§ **What the task asks**
Where a record contains a picture, omit it; otherwise reproduce the listing exactly.

§ **Material for this exercise**

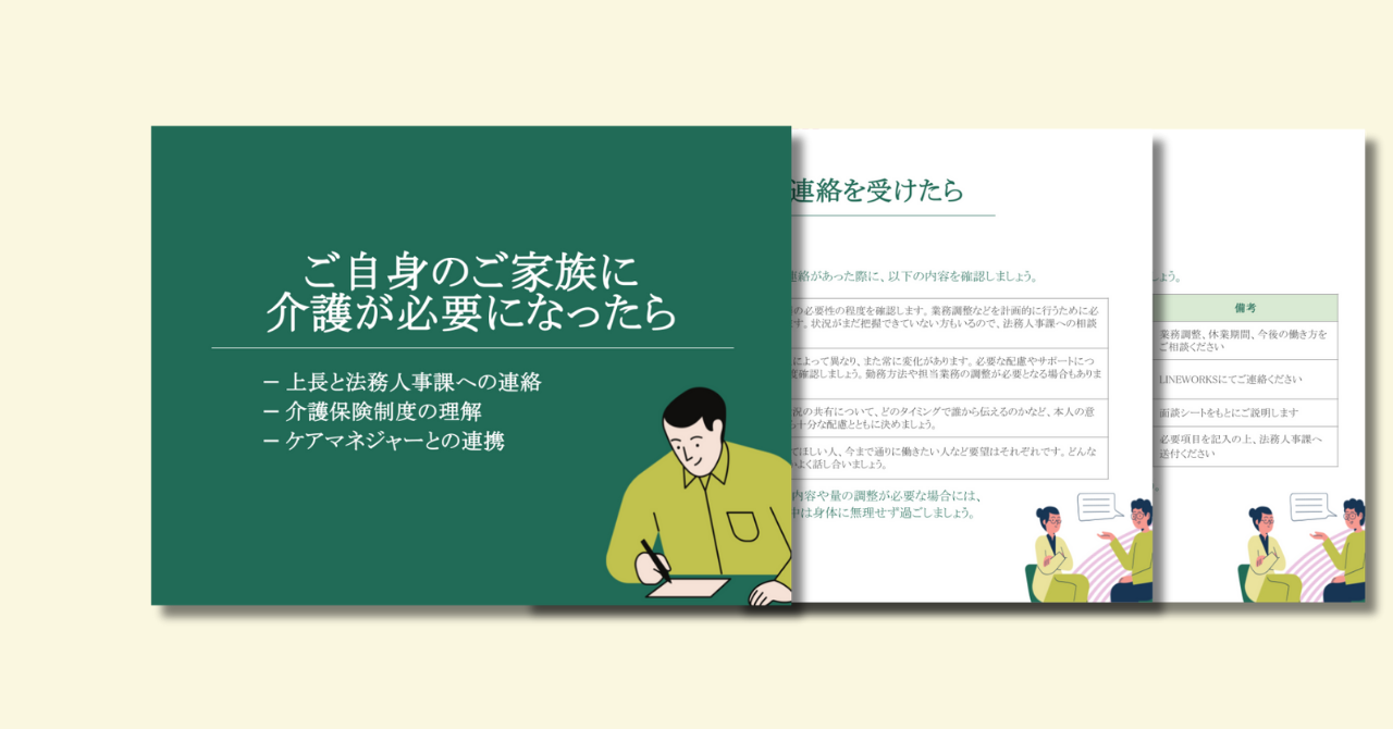 連絡タイミング、制度の申請フローなどが分かりやすく整理されており、初めて介護と向き合う社員にも安心して使っていただける構成となっています。
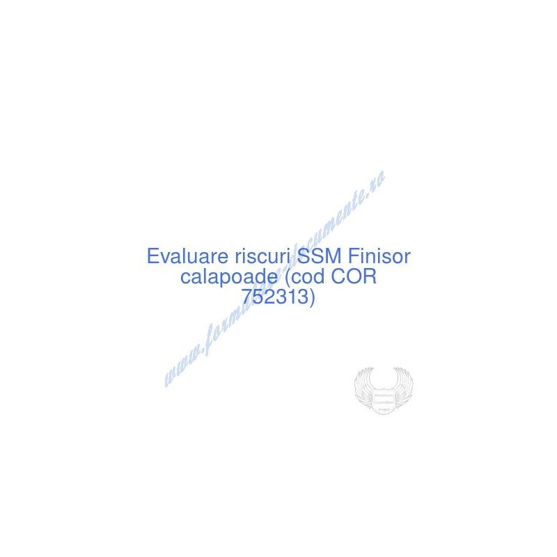 Aceste documente OBLIGATORII pentru ocupantul postului de Finisor calapoade (cod COR 752313), sunt complet întocmite, respectând cerințele Codului muncii actualizat 2023, Legii securității și sănătății în muncă nr. 319/2006 (actualizată 2023), răspund tuturor cerințelor standardelor de calitate referitoare la management (ISO 9001/ ISO 14001/ ISO 22000/ SR OHSAS 18001:2008/ ISO 45001:2018 etc.). În vederea determinării riscurilor la care este expus angajatul pe funcția de Finisor calapoade , consecințele maxime previzibile asupra acestuia și metodele de diminuare a lor am folosit metoda elaborată de I.N.C.D.P.M. București, care respectă toate rigorile legale și este unanim acceptată de inspectorii ITM și SSM.
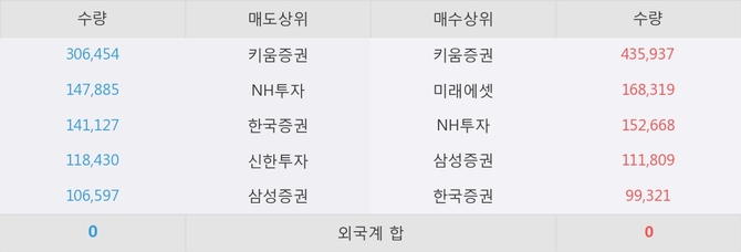 거래원 동향은 미래에셋, NH투자, 삼성증권 등이 매수 상위 목록에 나타나고 있다.
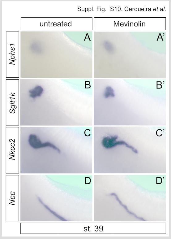 Supplementary Fig. S10. Pronephric Patterning in Xenopus Embryos Treated with Mevinolin. Whole mount in situ hybridization of untreated controls and embryos treated with 125 ïM Mevinolin for Nphs1 (A,A׳), Sglt1k (B,B׳), Nkcc2 (C,C׳) and Ncc (D,D׳) at stage 39.
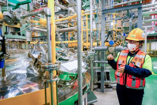 형광 작업복을 입은 중앙운전실 직원 눈은 모니터에서 벗어나지 않았다. 눈이 아플 만한데도 세밀하게 공정을 들여다보고 있었다. 원료 물류 이동과 탱크 레벨 관리, 용액 흐름 등 10개 라인과 20개 반응기를 모니터링한다.
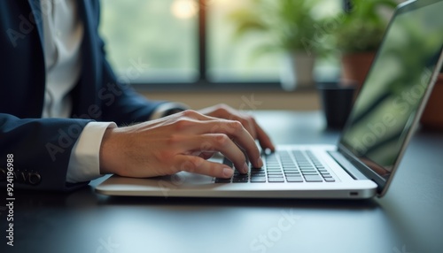 Person in a suit working on a laptop in a modern, well-lit office setting.
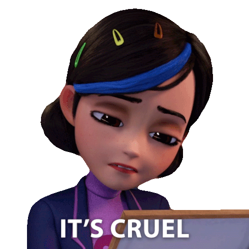 Claire Nunez from Trollhunters cries with tears, expressing sadness and the caption 'IT'S CRUEL' appears.
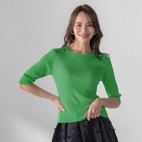 心地よい着用感のリブ組織で編み立て、肩のメタルボタンデザインがポイントです。
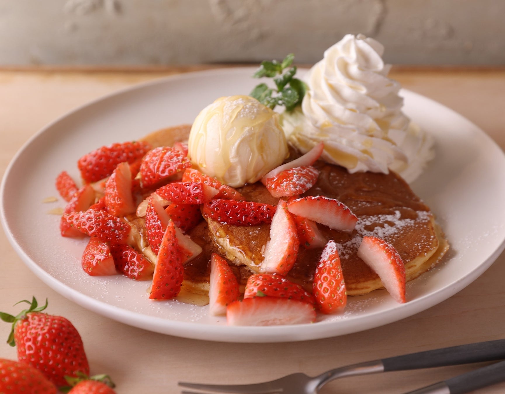商品詳細 :注文を頂いてから焼き上げるふわふわのパンケーキにたっぷりの『やよいひめ苺』とホイップクリームを添えてご用意します。お好みでメープルシロップをたっぷりかけてお召し上がりください。
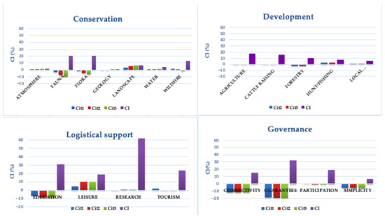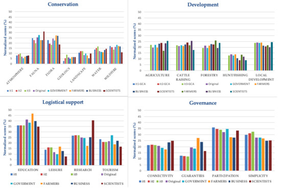 Conflicts regarding the global solution are shown in Table 2. The highest conflicts were related to management objectives education (0.962) and research (0.817) (Logistical support), guarantees (0.320) (governance), and fauna (0.207) and flora (0.207) (conservation). The highest conflicts regarding development management objectives were identified for agriculture (0.176) and cattle raising (0.155) but this dimension showed conflict index values lower than in other dimensions.

§ **Task solution**
 連絡タイミング、制度の申請フローなどが分かりやすく整理されており、初めて介護と向き合う社員にも安心して使っていただける構成となっています。
 Aceste documente OBLIGATORII pentru ocupantul postului de Finisor calapoade (cod COR 752313), sunt complet întocmite, respectând cerințele Codului muncii actualizat 2023, Legii securității și sănătății în muncă nr. 319/2006 (actualizată 2023), răspund tuturor cerințelor standardelor de calitate referitoare la management (ISO 9001/ ISO 14001/ ISO 22000/ SR OHSAS 18001:2008/ ISO 45001:2018 etc.). În vederea determinării riscurilor la care este expus angajatul pe funcția de Finisor calapoade , consecințele maxime previzibile asupra acestuia și metodele de diminuare a lor am folosit metoda elaborată de I.N.C.D.P.M. București, care respectă toate rigorile legale și este unanim acceptată de inspectorii ITM și SSM.
 거래원 동향은 미래에셋, NH투자, 삼성증권 등이 매수 상위 목록에 나타나고 있다.
 Supplementary Fig. S10. Pronephric Patterning in Xenopus Embryos Treated with Mevinolin. Whole mount in situ hybridization of untreated controls and embryos treated with 125 ïM Mevinolin for Nphs1 (A,A׳), Sglt1k (B,B׳), Nkcc2 (C,C׳) and Ncc (D,D׳) at stage 39.
 형광 작업복을 입은 중앙운전실 직원 눈은 모니터에서 벗어나지 않았다. 눈이 아플 만한데도 세밀하게 공정을 들여다보고 있었다. 원료 물류 이동과 탱크 레벨 관리, 용액 흐름 등 10개 라인과 20개 반응기를 모니터링한다.
 Person in a suit working on a laptop in a modern, well-lit office setting.
 Claire Nunez from Trollhunters cries with tears, expressing sadness and the caption 'IT'S CRUEL' appears.
 心地よい着用感のリブ組織で編み立て、肩のメタルボタンデザインがポイントです。
商品詳細 :注文を頂いてから焼き上げるふわふわのパンケーキにたっぷりの『やよいひめ苺』とホイップクリームを添えてご用意します。お好みでメープルシロップをたっぷりかけてお召し上がりください。
 Conflicts regarding the global solution are shown in Table 2. The highest conflicts were related to management objectives education (0.962) and research (0.817) (Logistical support), guarantees (0.320) (governance), and fauna (0.207) and flora (0.207) (conservation). The highest conflicts regarding development management objectives were identified for agriculture (0.176) and cattle raising (0.155) but this dimension showed conflict index values lower than in other dimensions.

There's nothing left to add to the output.